Principal component-based signal-to-variation ratio (pcSVR) between different sex or age groups calculated by gene expression (GE) (A) and alternative splicing (AS) (B). The yellow triangles show the significant sex-pcSVR calculated between females and males, while black triangles show the significant age-pcSVR calculated between young (i.e., 20–40 years old) and old (i.e.,>60 years old) using the empirical p-value cutoff 0.1. Insignificant data points are labeled in gray. (C) The age effect on transcriptome variation as calculated by GE vs. AS. The X-axis of the scatter plot shows the log2 transformed age-pcSVR between young and old calculated by GE, while the Y-axis shows the values calculated by AS. Blue dots indicate the tissues with significant pcSVR specific in AS, while green dots indicate the tissues with significant pcSVR specific in GE. Tissue names in each class are labeled under the scatter plot. (D) The sex effect on transcriptome variation as calculated by GE vs. AS. The analyses and labels are similar to panel C except the sex-pcSVR is used in all calculations. Scatter plots of the age effect between females vs. males calculated by GE (E) and AS (F). The X-axis shows log2 transformed age-pcSVR calculated in females, while the Y-axis shows the age effect calculated in males. Dashed lines showed equal age-pcSVR in females and males. Dark red and blue dots indicate the tissues with female- and male-specific age effects.

Figure 2—figure supplement 1
Principal component-based signal-to-variation ratio (pcSVR) calculation and robustness.

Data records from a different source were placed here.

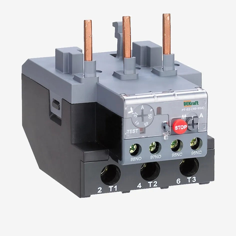 Тепловое реле РТ-02 совместимы с контакторами КМ-102 и КМ-103 (115А-630А) DEKraft.
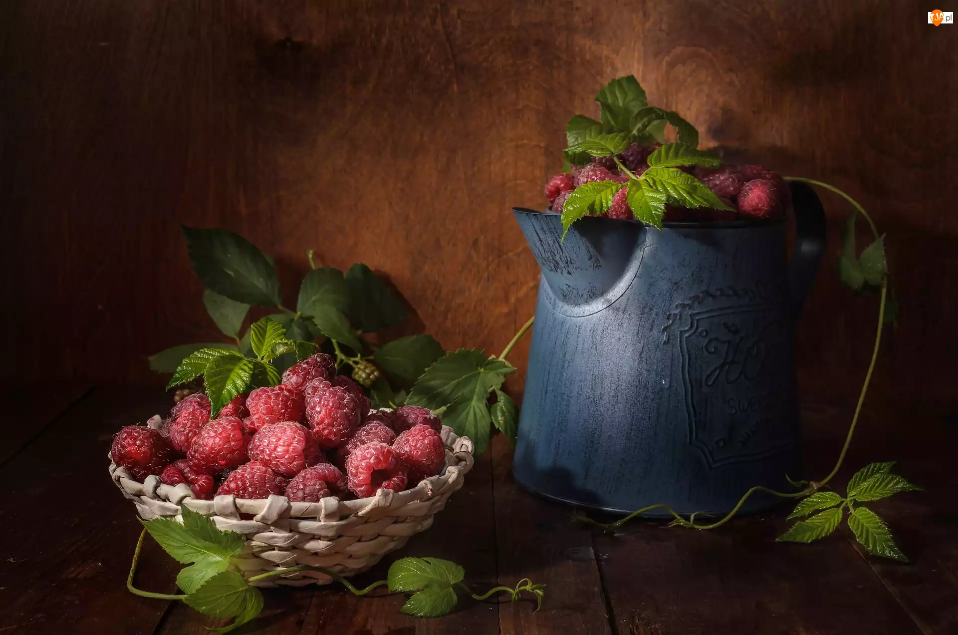 Maliny, Owoce, Liście, Kompozycja, Koszyk, Dzbanek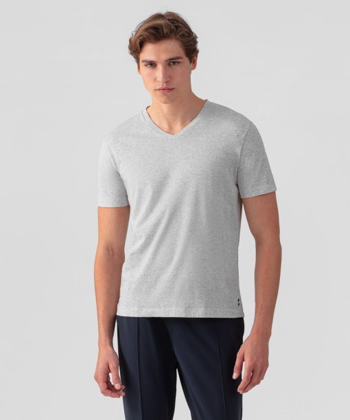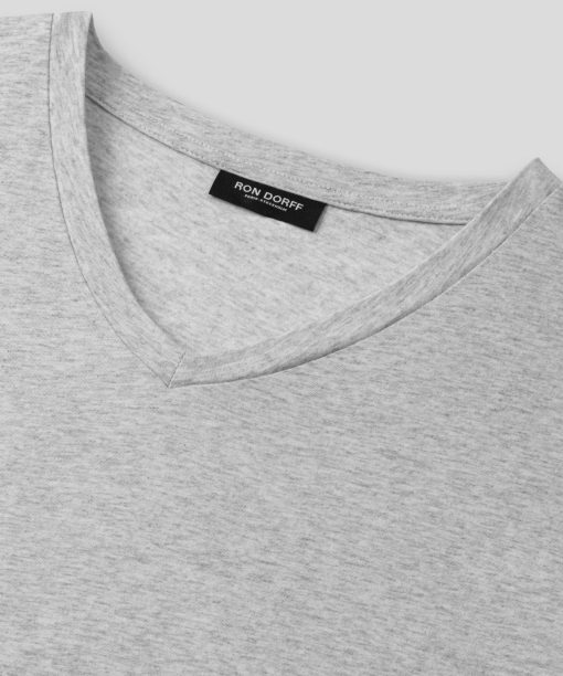 Ron Dorff Men’s V Neck T-shirt Eyelet Edition | Grey Melange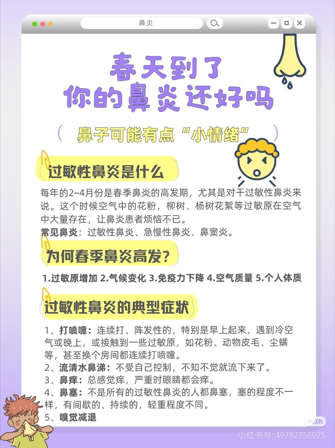 一到春天我的鼻子就这样一到春天鼻子就开始闹脾气,打喷嚏流鼻涕真的太难受了。不过现在大家越来越重视鼻炎护理,也有很多温和的缓解方法,好好防护、规律作息,春天也能舒服不少,希望每个被鼻炎困扰的人都能轻松点。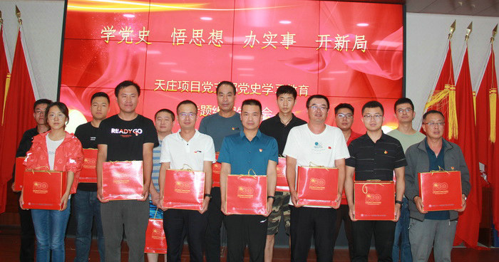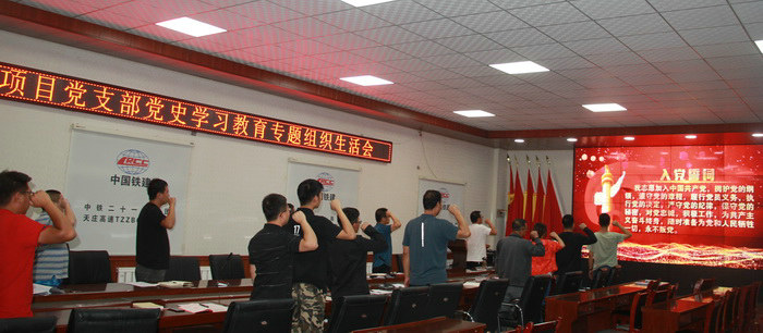 黨史學(xué)習(xí)教育專題組織生活會(huì)現(xiàn)場(chǎng) 會(huì)上,全體黨員重溫入黨誓詞;項(xiàng)目黨支部副書(shū)記錢海向大會(huì)報(bào)告了支部半年來(lái)開(kāi)展黨史學(xué)習(xí)教育的情況,通報(bào)了黨支部委員會(huì)檢視問(wèn)題的情況;為全體黨員發(fā)放了集團(tuán)公司黨委建黨100周年紀(jì)念品。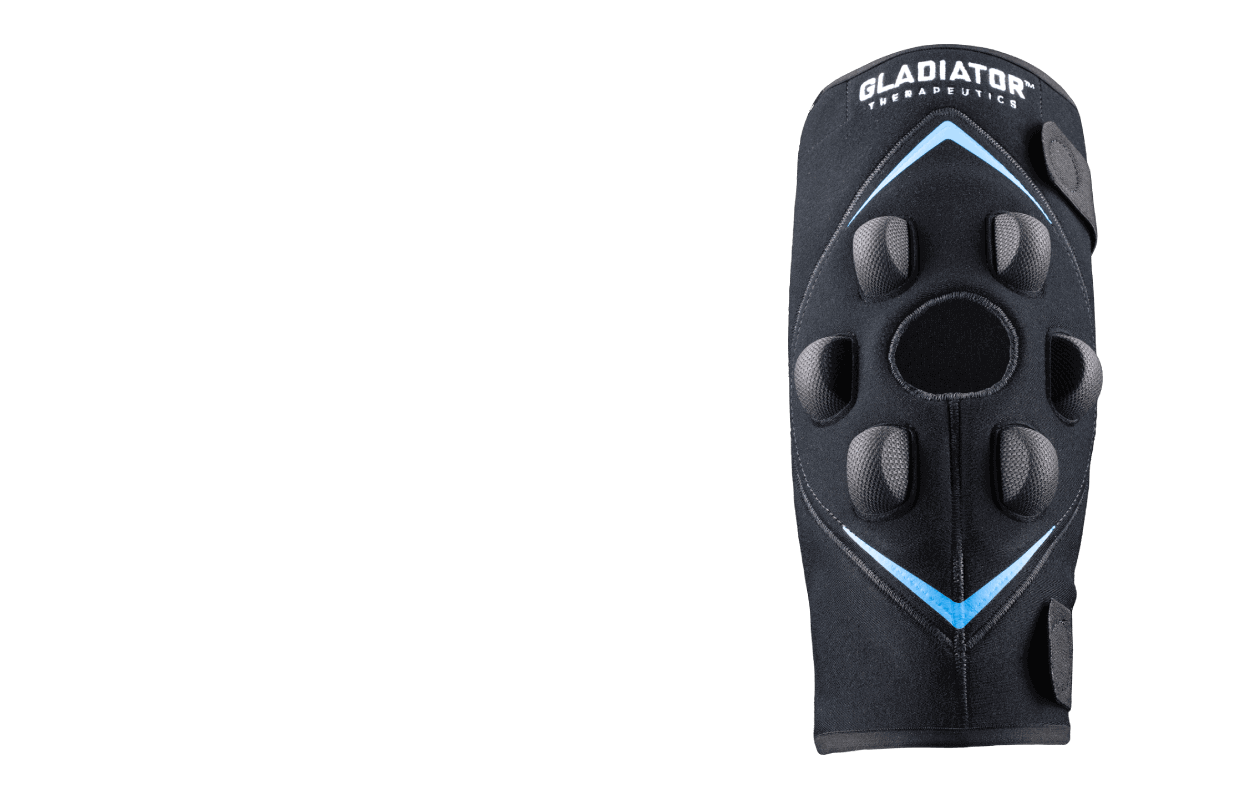 Gladiator MD™ Knee Device ger lindring av inflammation och smärta vid mjukdelsskador samt före eller efter operation.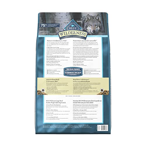 Blue Buffalo Wilderness More Meat & Wholesome Grains Natural Dry Dog Food, Large Breed Healthy Weight Chicken 24lb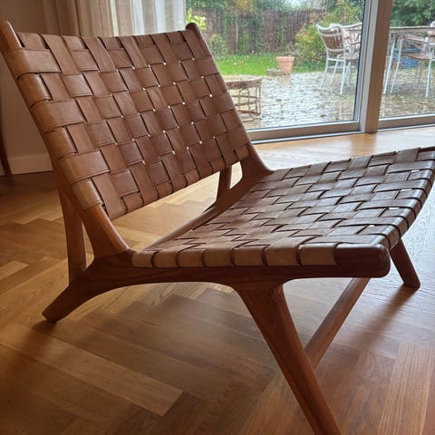Lænestole teaktræ Læder Brun Chair teak wood leather Brown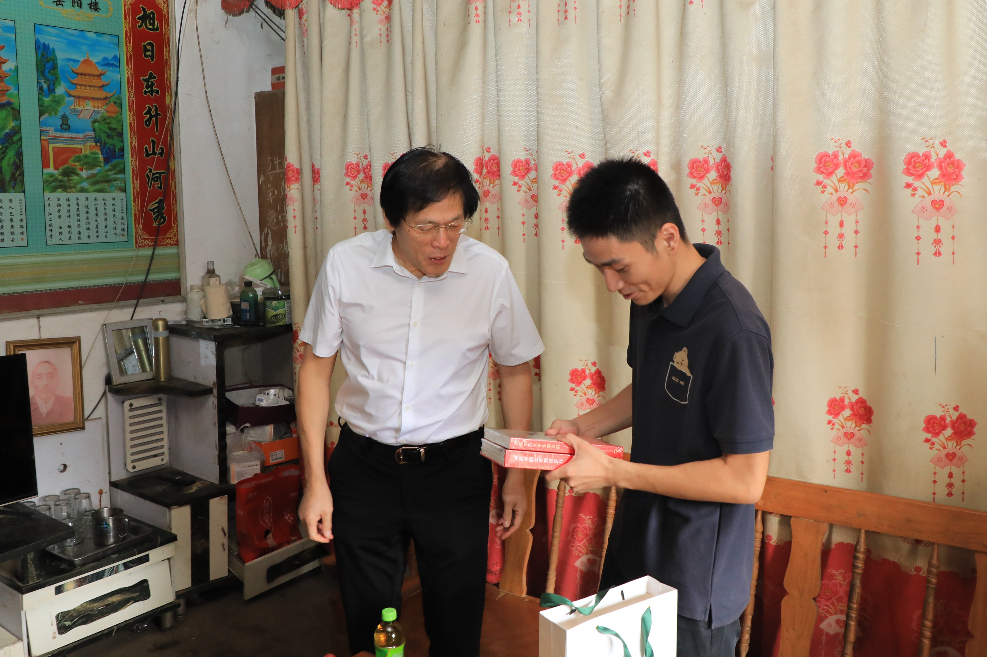 在杨海洋家中,华小鹏为其送上“精神大餐”--《习近平的七年知青岁月》《习近平与老员工朋友们》《平凡的世界》等励志书籍,勉励他胸怀报国之志,刻苦学习、立志成才,不负韶华。随后,华小鹏就家庭经济状况、收入来源、学习情况、军旅生涯、退役复学后的学习状况以及人生规划和就业打算等方面与员工家长、受访同学进行了深入细致的交流。当得知杨海洋同学在部队连续两年受到嘉奖并获得“四有好士兵”时,华小鹏书记鼓励他把部队的优良作风发扬好,按照“四有好士兵”的标准,切实做一名有灵魂、有本事、有血性、有品德的青年老员工。当了解到杨海洋同学正在备考燕山大学研究生时,华小鹏叮嘱他一定要在学好外语上下好功夫,用好退役老员工考研优待政策,努力学习,争取考研成功上岸。得知杨海洋同学在疫情期间,利用寒暑假积极参与团省委“春雁行动”计划参与家乡建设和志愿服务,华小鹏书记给与了高度肯定,希望他学好理论知识的同时,不断加强社会实践,坚持理论与实践相结合,在知行合一中担当作为。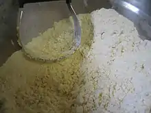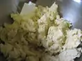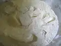 - Add cold water; cut the water into the flour-butter mixture with the edge of a rubber spatula until it is evenly moistened and will hold together when pressed.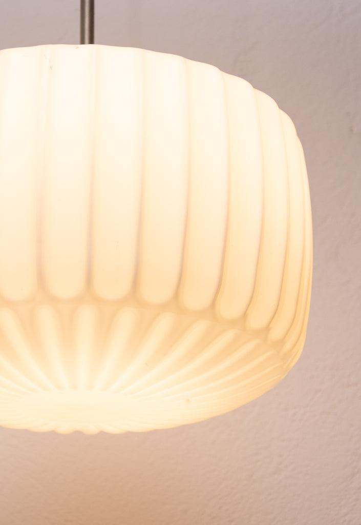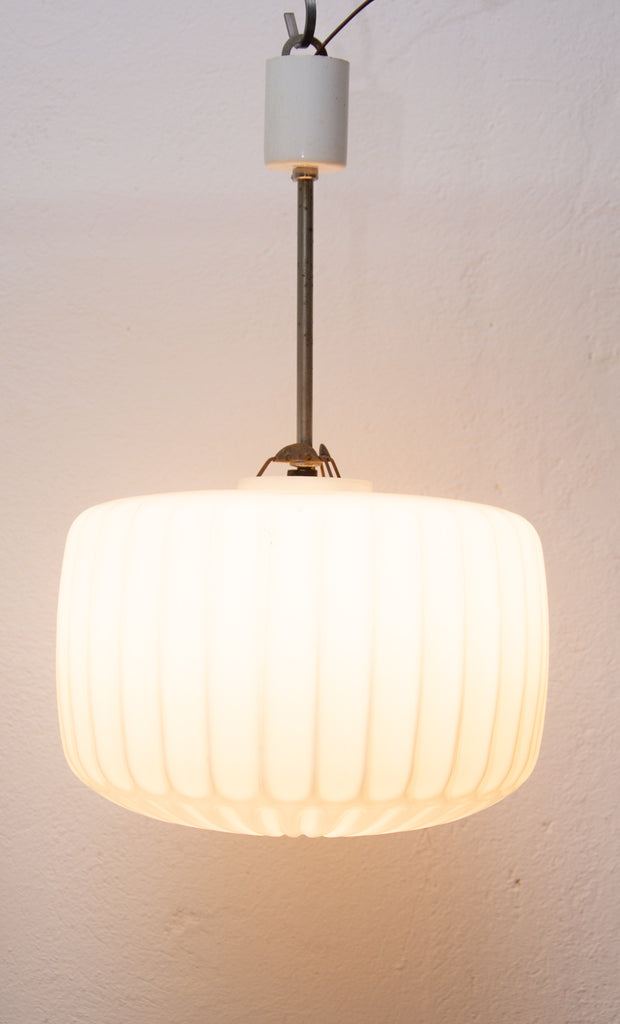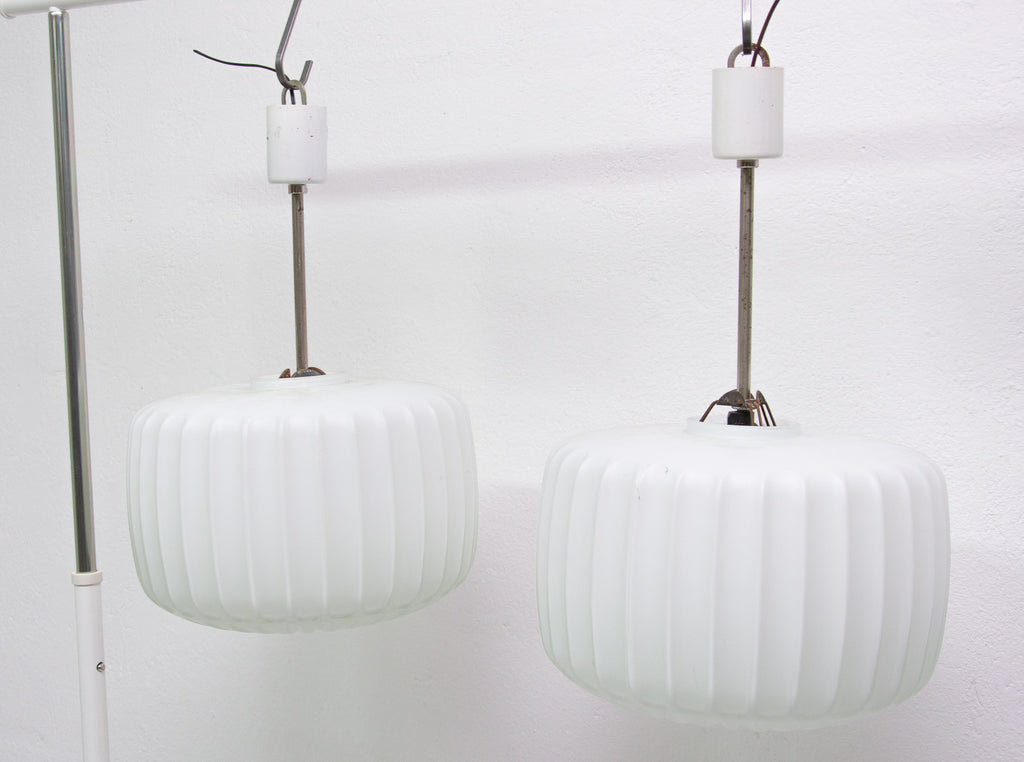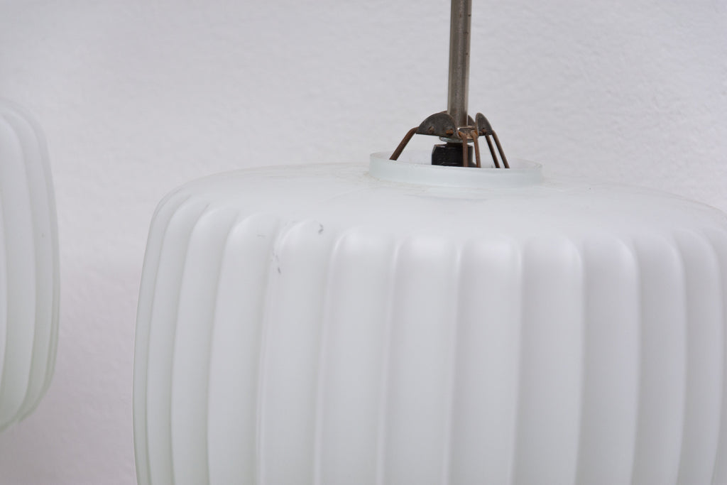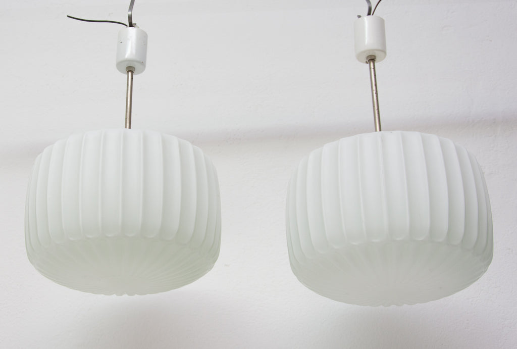 Pair of Vintage opaline glass pendant chandeliers, Eastern bloc 1970s

(A) Schematic diagram of pcSVR calculation. pcSVR higher than 1 indicates that the differences between groups are higher than the noise within groups (left). pcSVR no more than 1 indicates that the differences between groups are smaller than the noise within groups (right). Two spheres represent two groups (females vs. males or young vs. old). Only three dimensions are shown. pcSVR between different sex or age groups calculated by gene expression (GE) (B) and alternative splicing (AS) (C) without genes and AS events on sex chromosomes. The yellow triangles show significant pcSVR calculated between females and males, while the black triangles show significant pcSVR calculated between young (i.e., 20–40 years old) and old (i.e., >60 years old) groups using permutation p-value <0.1. Insignificant values are labeled in gray. Bar plot of the age- and sex-pcSVR values (D) and corresponding empirical p-values (E) calculated using different numbers of PCs capturing 50–90% of the variance. The dashed lines indicate the thresholds for significant sex/age effects judged by the pcSVR analysis, and the mean and s.d. (standard deviation) are plotted here. s. D. are plotted here. (F) Correlations of pcSVRs calculated by the bootstrap and sub-sampling approaches as shown in scatter plots of sex-pcSVR and age-pcSVR values. The X-axis shows the results from the bootstrap approach, while the Y-axis shows the results from permutation analysis using 50% sub-sampling. Each point indicates a tissue. (G) Correlations of empirical p-values calculated by the bootstrap and sub-sampling approaches as shown in scatter plots of −log10 transformed empirical p-values. The label of the X- and Y-axis is similar to panel F. The dots at the right margin indicate the empirical p-values equal to 0, with infinite −log10 transformed values.

Figure 3 with 4 supplements
Sex-stratified age-associated genes and alternative splicing (AS) events across tissues.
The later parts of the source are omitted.